Он выследил, что девица частенько прохаживается под руку с немолодой усатой дамой, одетой не без элегантности. Дама в подружки ей явно не годилась,
вероятно, они просто проживали в одном номере, что порой сплачивает людей разных социальных групп и возрастов.
Ник уже знал, что девицу зовут Лизой. Этим именем назвала ее как-то усатая дама, стоя на балконе своего корпуса, в то время как Ник проходил мимо, делая
вид, что все эти переговоры с балкона его не интересуют. Вот кто им точно интересовался, так это усатая. На танцах она просто впивалась в него глазами, в то
время как Ник жадно следил за «собачьей возней» вокруг Лизы. Какие-то парни подходили, какие-то отходили, красуясь тренированными телами и мощными
бицепсами.
Однажды Лизина «сокамерница» повстречалась с Ником на липовой аллее, приостановилась, а потом решительно подошла.
– Я вам никого не напоминаю?
– Вы?
Ник удивленно в нее вгляделся.
Темные усики над верхней губой. Мелкие морщинки под глазами. Полновата, но лицо довольно милое, приветливое и живое.
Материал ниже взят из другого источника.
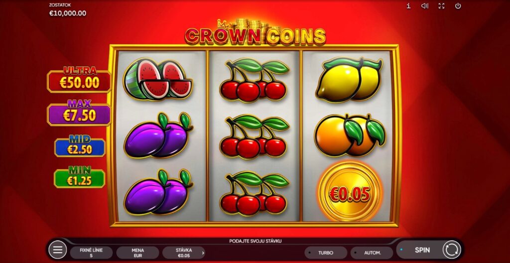 Det Fruits-inspirerte designet og den solide tekniske utførelsen fra Endorphina gjør Crown Coins til en fornøyelig og potensielt lukrativ spillopplevelse. Den brede innsatsstrukturen fra $0.05 – $80 sikrer at spillet er tilgjengelig uavhengig av budsjett.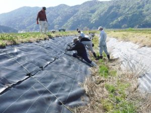 約30名の参加を頂いて、前回の設置を踏まえ、便利な防草シート用接着剤や場所によってはロープで固定する等、丁寧な作業のもと、お昼まで約4時間を経て作業を完了致しました。

Он хотел уже сказать, что нет. Не
напоминает. Потом подумал, что есть что-то общее с мамой. Овал лица. И как смеется, щуря глаза.
– Я – Лиля. Ваша двоюродная сестра. Вы ведь Николай Григорьевич? Ник?
– Вы – Лиля?
Вот уж чего он не ожидал! В какой-то момент он перестал общаться с родственниками. Ему никто не был нужен. Все раздражали. Эту Лилю он помнит
студенткой биофака. Хорошенькая была. С тех пор прошла уйма лет. Стала старовата и полновата. Но лицо осталось светлым и тонким. На маму похожа.
Они вместе молча пошли по аллее. К его спутнице подбежала Лиза и, нагнувшись, что-то ей горячо зашептала. Обе расхохотались. Лиза обернулась и
внимательно поглядела на Ника подмалеванными тушью глазами. Лиля их познакомила.
– Николай Григорьевич. Лиза.
Ник взглянул на эту нахальную блондинку, и она ему совсем не понравилась. Из нее просто перла вульгарность.
– Неудачный роман с парнем из здешнего поселка.
Лиля понизила голос, чтобы слышал только он, а не все любопытствующие. Лиза издалека им махала рукой, улыбаясь победительной улыбкой.
– Но она быстро нашла замену. Охранник из местного педучилища. Наверное, видели? Такой громадный с детским личиком, нет?